According to the EC that assessed the scheme under EU State Aid Rules, the new scheme will enable Denmark reach its renewable energy targets ‘without unduly distorting competition’, while contributing to the overarching European target of achieving climate neutrality by 2050.
Denmark will be able to award this budget to projects selected through competitive tenders to be held between 2021 and 2024, and will take the form of a 2-way contract-for-difference (CFD) premium. The EC describes, under the model, when the electricity price is below a reference price as established in an auction, the state will pay the renewable energy producer the difference between the actual electricity price and the reference one, for a maximum of 20 years after the project is grid connected.

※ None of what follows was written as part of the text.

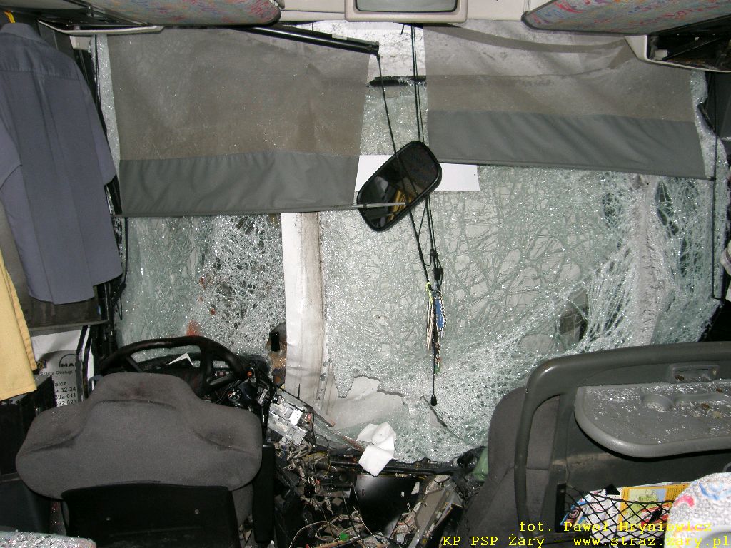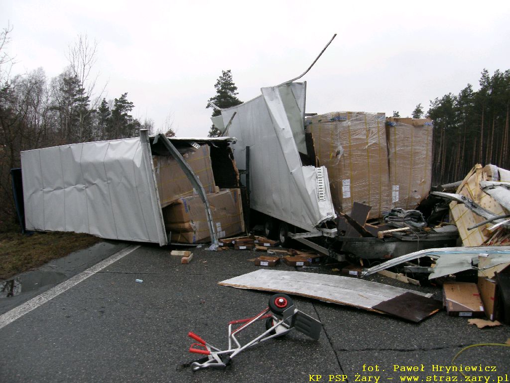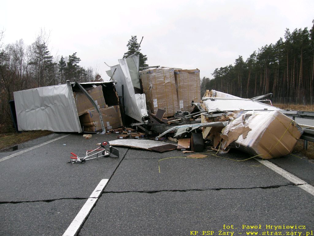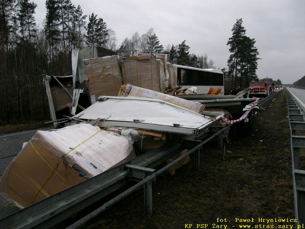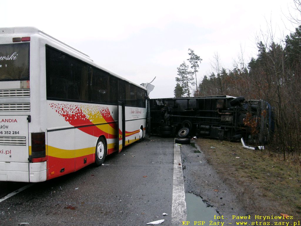 Wypadek autokaru z samochodem ciężarowym - Droga Krajowa nr18 - 23 lutego 2012 r. W dniach 23 lutego 2012 r. na drodze krajowej nr 18 relacji Olszyna - Wrocław doszło do groźnego w skutkach wypadku. Autokar przewożący 16 pasażerów uderzył w tył przyczepy samochodu ciężarowego który stał z powodu awarii na lewym pasie drogi. W wyniku zdarzenia wszyscy pasażerowie oraz kierowca autobusu doznali obrażeń i zostali przewiezieni do szpitali. działania zastępów straży pożarnej polegały na wykonaniu dostępu i ewakuacji kierowcy autokaru i pasażerów oraz usunieciu rozbitych pojazdów z drogi.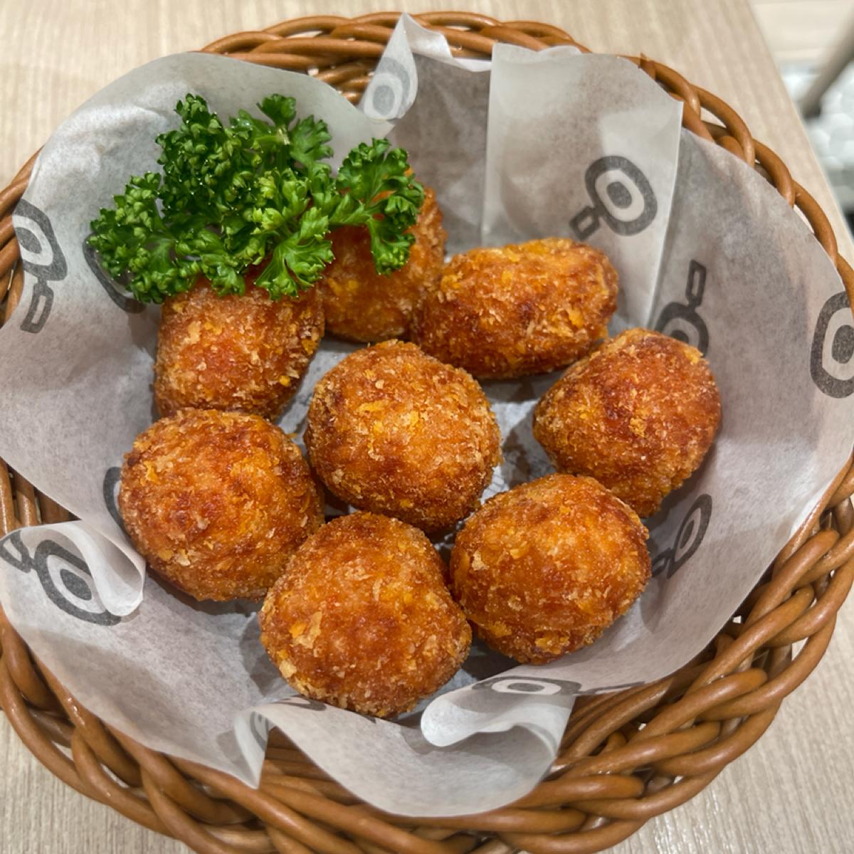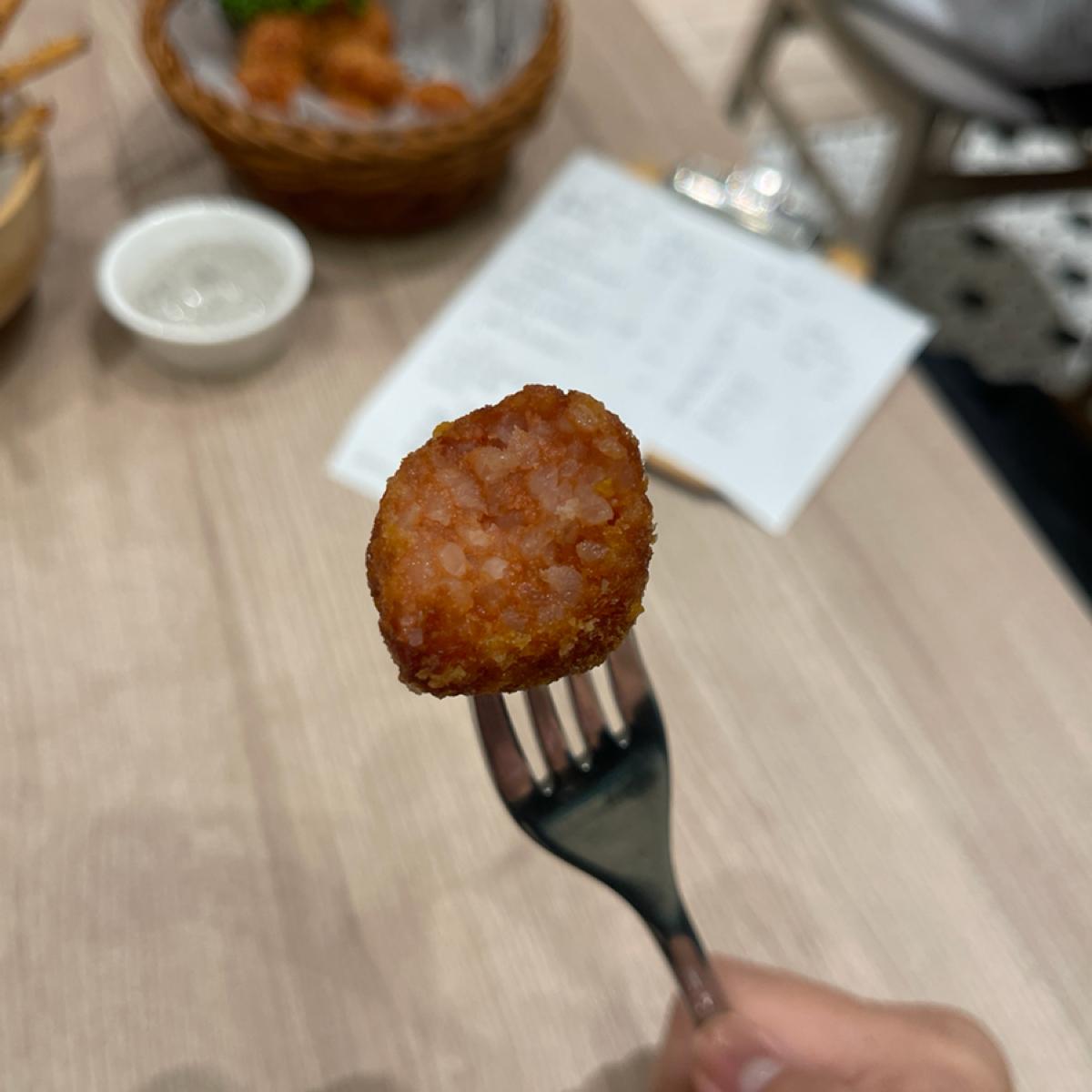 Tastes like mini versions of fried rice wrapped in batter and deep-fried. Although they look small, you'll feel full after finishing them!

This, explains EC, helps renewable energy producers make necessary investments as it guarantees them long-term price stability.
“This Danish scheme will contribute to substantial reductions in greenhouse emissions, supporting the objectives of the Green Deal,” said EC’s Executive Vice-President Margrethe Vestager in charge of competition policy. “The wide eligibility criteria and the selection of the beneficiaries through a competitive bidding process will ensure the best value for taxpayers money and will minimize possible distortions of competition.”
The scheme will replace a similar aid scheme for Denmark that expired on December 31, 2019, after which the country notified the commission of its intention to introduce a new scheme to support electricity production from renewables.
In April 2021, the EU Council and European Parliament reached a provisional agreement for the bloc to reduce its GHG emissions by 55% by 2030, while aiming for no net emissions of GHG in 2050.